Press Review
Besides Tuesday's vote of confidence won in the House of Deputies by Prime Minister Vladimir Spidla's government, most of the papers today carry articles with unpleasant news. On the international front, it is the United States pushing for war against Iraq, and domestically, an analysis of how Czechs die, the investigation into the fatal coach crash and another attempt at self-immolation making the headlines.
Besides Tuesday's vote of confidence won in the House of Deputies by Prime Minister Vladimir Spidla's government, most of the papers today carry articles with unpleasant news. On the international front, it is the United States pushing for war against Iraq, and domestically, an analysis of how Czechs die, the investigation into the fatal coach crash and another attempt at self-immolation making the headlines.
MLADA FRONTA DNES follows up on news covered by some of the Czech TV stations on Tuesday, involving one of the biggest hypermarket chains in the country. Besides customers, bailiffs also made their way to Tesco on Tuesday afternoon to confiscate valuable goods in reaction to Tesco allegedly owing an unnamed entrepreneur eighty million crowns. The bailiffs tried to take goods but were opposed by the store's security guards. The Prague police had to be called in to settle the dispute. The paper quotes a spokesman for the supermarket chain who says the company was not aware of any outstanding debt.
The driver of the coach that crashed over the weekend, killing 19 and injuring 34, could face up to ten years in prison. All of the papers report that results of the ongoing investigation into the cause of the accident point to the driver as no technical fault has been detected. On a more pleasant note, PRAVO writes that an eighteen year old girl, who was originally presumed to have died in the accident as her name had mistakenly got on the official list of victims, was found to be alive and well. Anna Handrychova is still in hospital with injuries and tells the paper that she is now being bombarded with phone calls from relieved friends and family. She sees her "waking from the dead" to be a sign of long life.
And HOSPODARSKE NOVINY warns that the Czech Republic is being flooded with car wrecks from Germany. A number of second-hand car dealerships in Germany solve their problems of lack of space with sell-offs to Czech customers. Last year alone, 39 thousand cars that have either been wrecked in accidents or were old were brought into the Czech Republic. According to the head of the Automobile Industry Association, the trend is becoming a growing problem as the cars are not officially registered and no one knows where they are.

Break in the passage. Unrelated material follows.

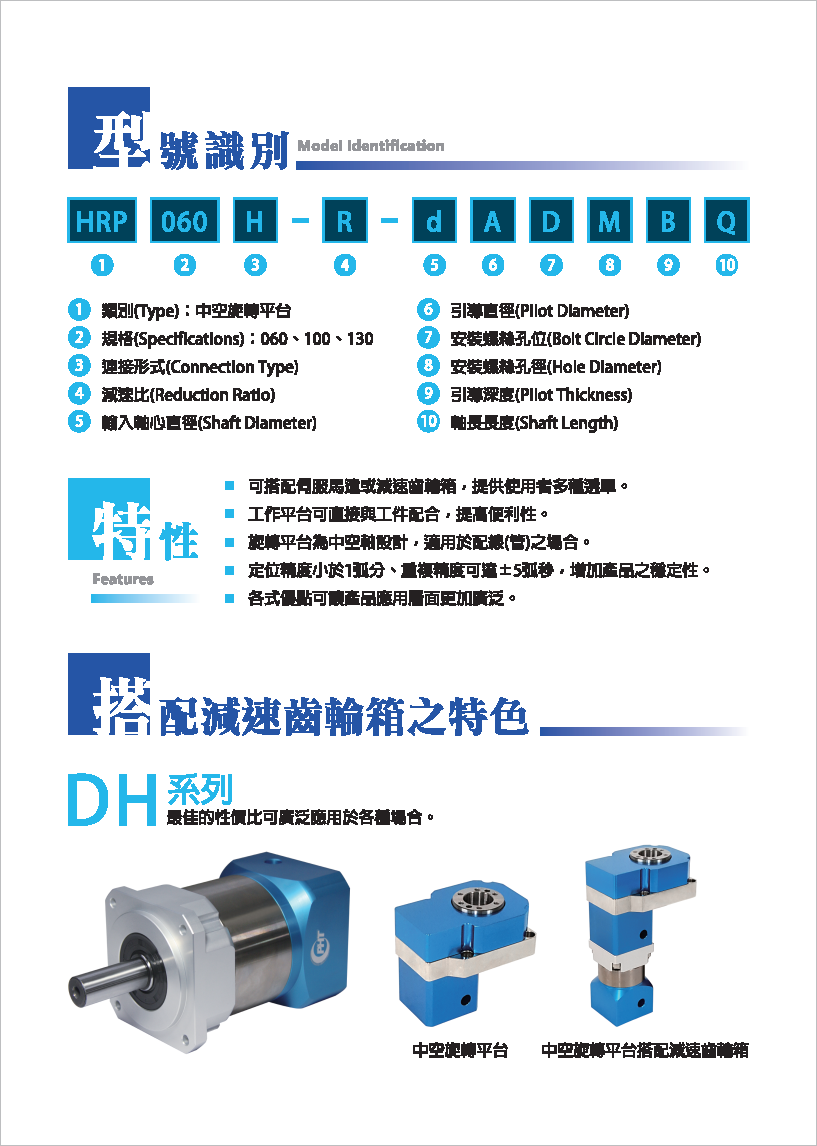 HRP系列是品宏轉(zhuǎn)角減速機系列。 可搭配伺服馬達或減速齒輪箱,提供使用者多種選擇。 工作平臺可直接與工件配合,提高便利性。 旋轉(zhuǎn)平臺為中空軸設(shè)計,適用于配管之場合。 定位精度小于1弧分,重復(fù)精度可達±5弧秒,增加產(chǎn)品之穩(wěn)定性。 各式優(yōu)點可讓產(chǎn)品應(yīng)用層面更加廣泛。

MLADA FRONTA DNES reports on the results of a public opinion poll that was conducted by the Czech Centre for Public Opinion Research last month. According to the poll, eight out of ten non-Roma Czechs claim it is difficult to live alongside Romanies, and a quarter of the population says that relations with the Roma are bad. The poll suggests that the overall attitude towards the Roma community has not changed in the past few years.
The polling centre's Jan Cervenka tells the paper that for a short while at the end of the 1990's, a campaign against racism, which displayed billboards of members of the Roma community as hockey players or in other respectable professions, helped to make Czechs more accepting of the minority group. According to the paper, the opinion poll comes just in time as the Czech government aims to discuss the Roma community's standard of living and their integration into the rest of society during its session on Wednesday.
PRAVO carries a dramatic report on a failed attempt at self immolation. A 21 year old mentally ill man was flown to a hospital in Prague with 50% of his body burned after he had tried to set himself alight. He was lucky enough to be saved by his mother who put him under the shower and immediately called an ambulance. The boy is now in critical condition and police suspect that he got the idea of setting himself on fire from last week's publicised case when a nineteen-year old student committed suicide in this way on Prague's Wenceslas Square, writes PRAVO.
LIDOVE NOVINY carries an article analysing in what conditions Czechs die in hospitals and comes to the conclusion that, when compared to other countries, it is far from respectable. The paper gives two examples where hospitals failed to carry out the wishes of patients who wanted to be transferred to private rooms to spend the last few moments in a peaceful environment, only surrounded by their families. With hospital staff unwilling to acknowledge the rights of their dying patients, this country needs a law that will guarantee every person the right to leave this world in a respectable way, the paper writes.